(Dataset items)
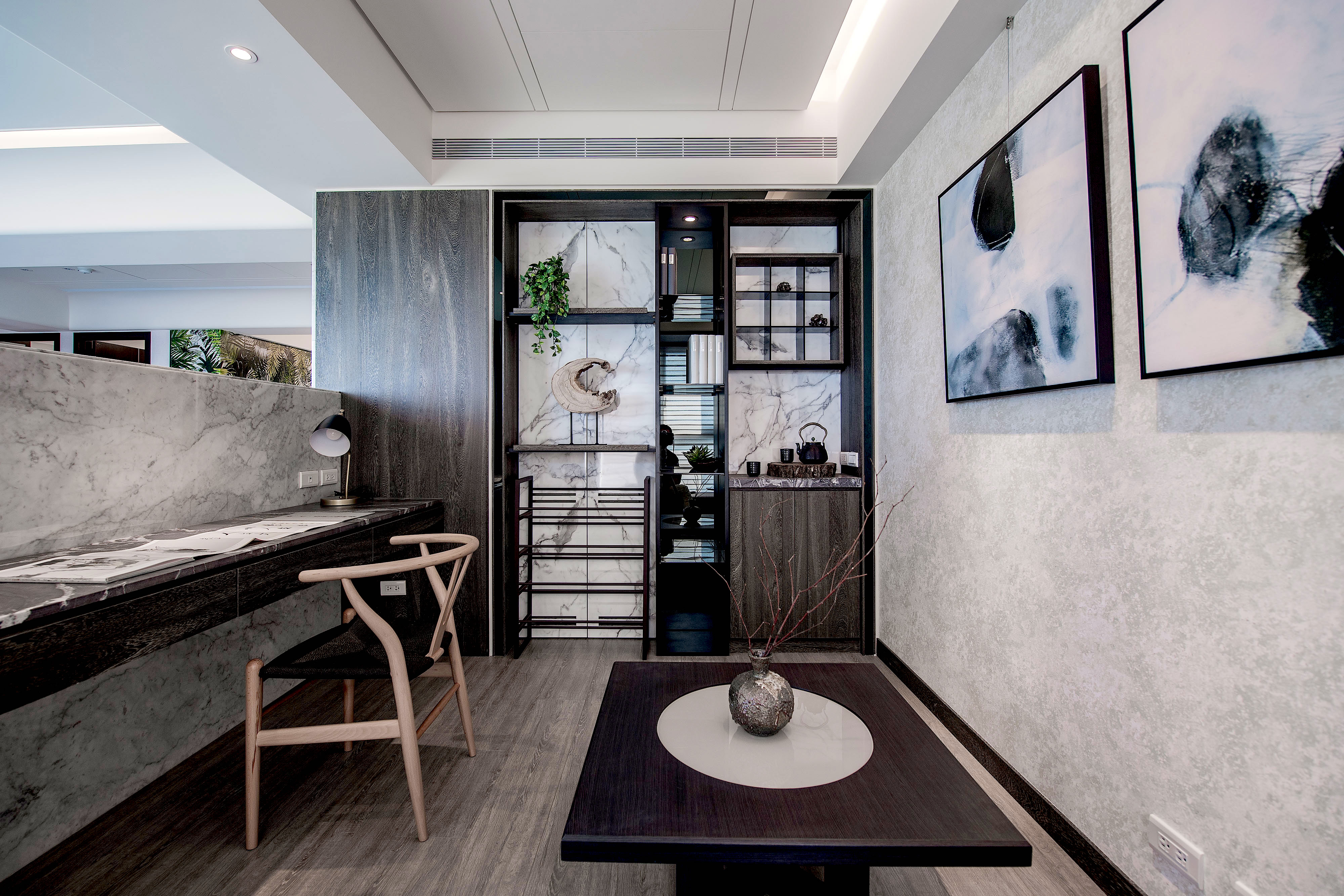 主牆沿續公領域的石紋牆體,為場域沁入冰涼觸感,並藉由層架的高低位置,漸進規劃出一體的置物及梳化檯。
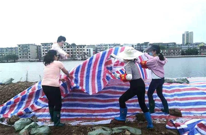 “快看,那里护堤塑胶布被风吹起来了,大家赶快合力盖起来。”语罢,鲟鱼镇女子查险队的队员们迅速行动,将塑胶布复归原位,并且搬来沙包压紧压实。
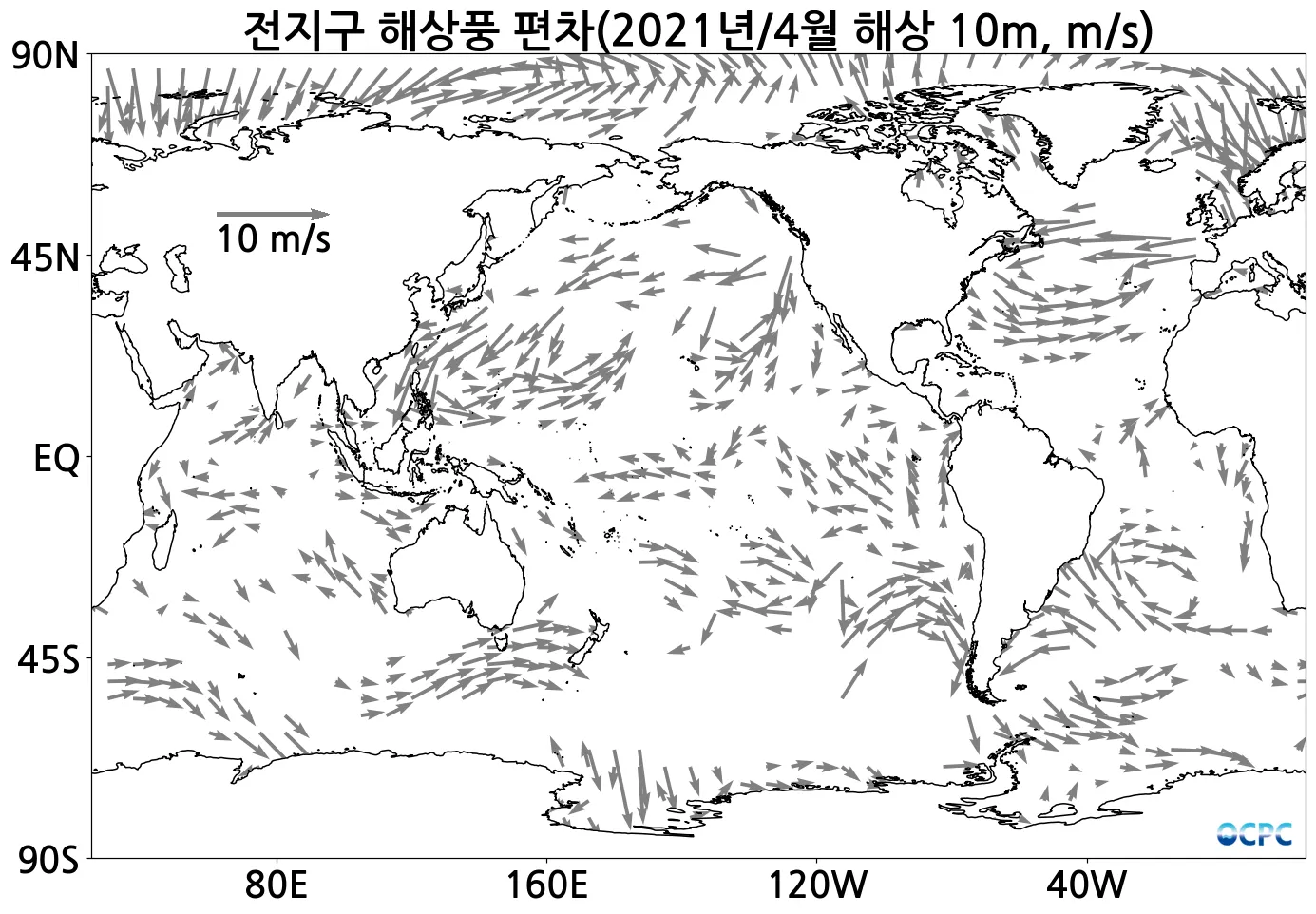 제2호 태풍 수리개(Surigae)의 영향으로 북서태평양 아열대 해역에서 반시계 방향 해상풍 편차가 나타났습니다.
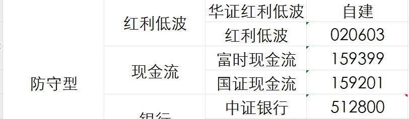 防守型ETF:恒生红利低波40%、红利低波、中证现金流、银行各20%。
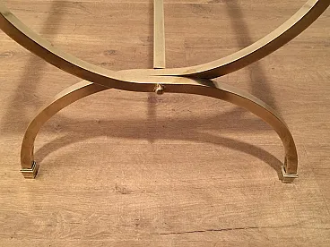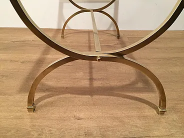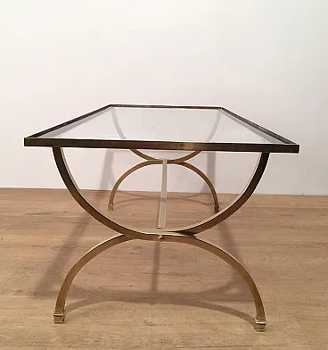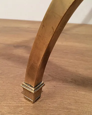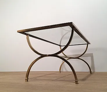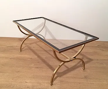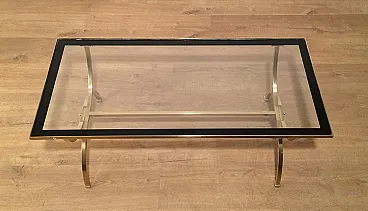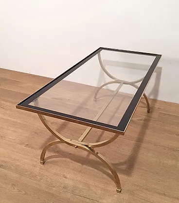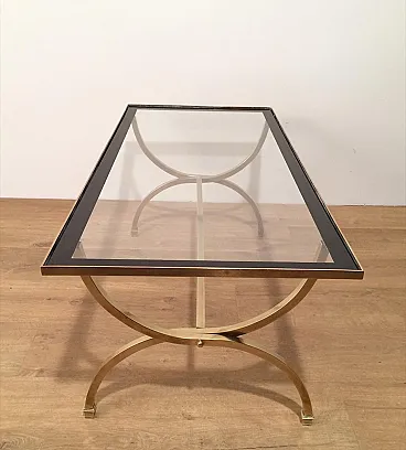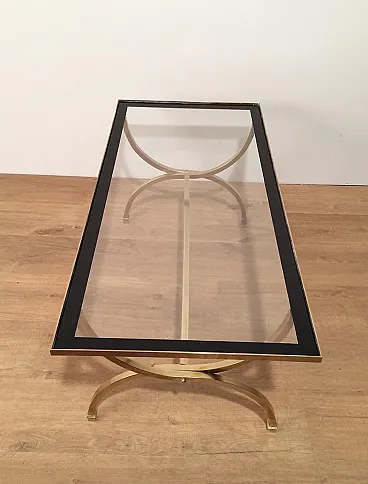 Tavolino in ottone con piano in vetro e bordi laccati neri, anni '40
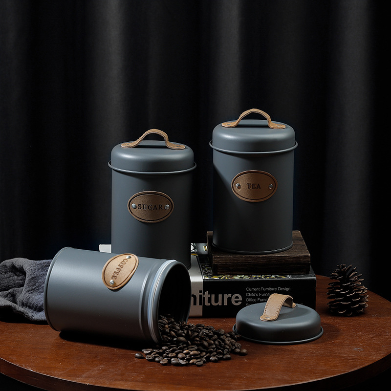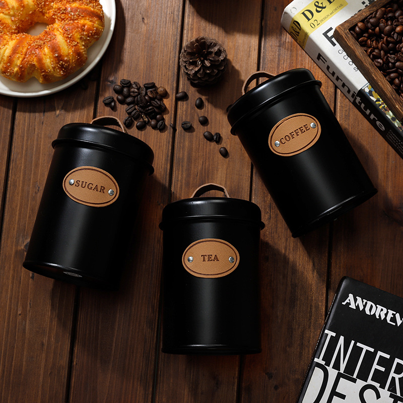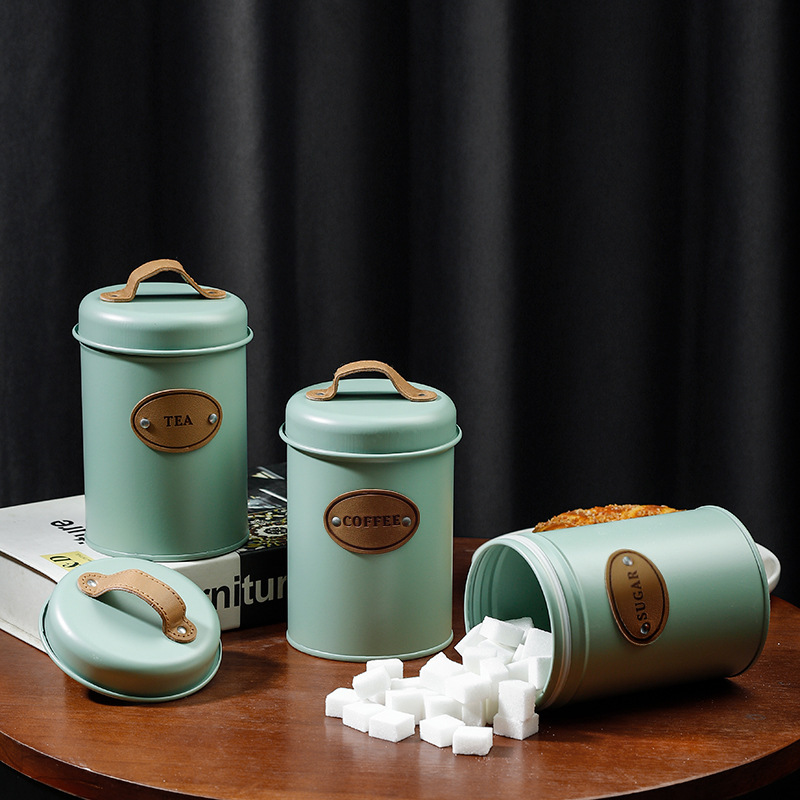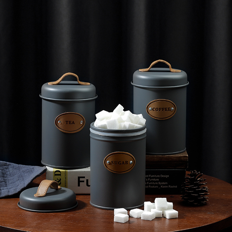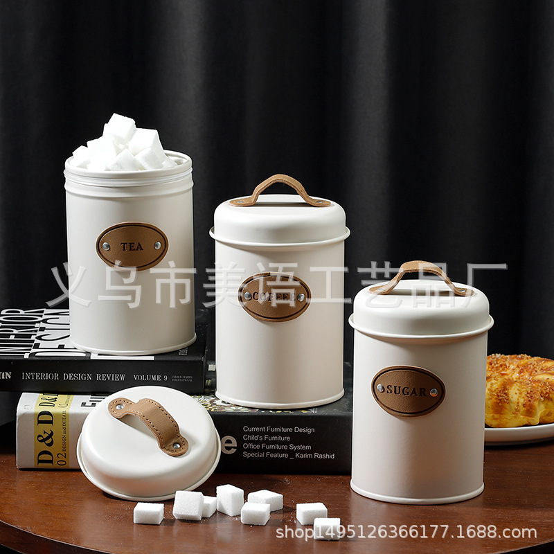 Nuevo Amazon caliente-Venta de almacenamiento de hierro galvanizado tarro a prueba de polvo café azúcar té tarro decorativo decoración de almacenamiento tarro
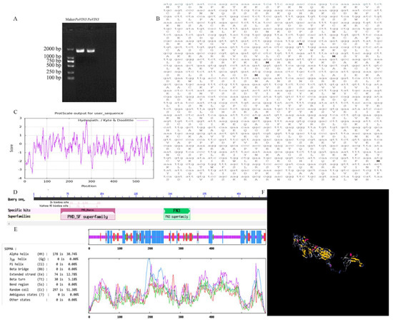 Cloning and bioinformatics analysis of PoVIN3. (A) PCR amplified product of PoVIN3, and M means DNA maker DL2000. (B) Nucleotide sequence and its encoded amino acid sequence. (C) Hydrophilic analysis of PoVIN3−encoded protein. (D) Analysis of conserved domain of PoVIN3. (E) Secondary structure prediction of PoVIN3−encoded protein. (F). Tertiary structure prediction of PoVIN3−encoded protein.
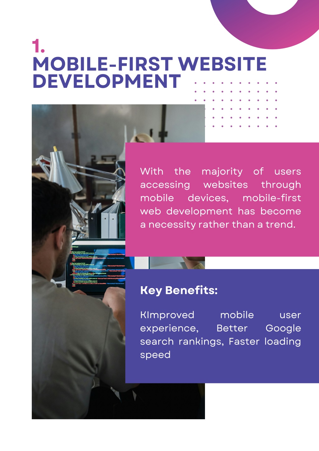 3. 1. MOBILE-FIRST WEBSITE DEVELOPMENT With the majority of users accessing websites mobile devices, web development has become a necessity rather than a trend. through mobile-first Key Benefits: KImproved experience, search rankings, Faster loading speed mobile Better user Google

**Exercise:** Print exactly the lines from the first line of the records above through the line containing "Tavolino in ottone", both included, and leave the pictures out.

**Written answer:**
 主牆沿續公領域的石紋牆體,為場域沁入冰涼觸感,並藉由層架的高低位置,漸進規劃出一體的置物及梳化檯。
 “快看,那里护堤塑胶布被风吹起来了,大家赶快合力盖起来。”语罢,鲟鱼镇女子查险队的队员们迅速行动,将塑胶布复归原位,并且搬来沙包压紧压实。
 제2호 태풍 수리개(Surigae)의 영향으로 북서태평양 아열대 해역에서 반시계 방향 해상풍 편차가 나타났습니다.
 防守型ETF:恒生红利低波40%、红利低波、中证现金流、银行各20%。
 Tavolino in ottone con piano in vetro e bordi laccati neri, anni '40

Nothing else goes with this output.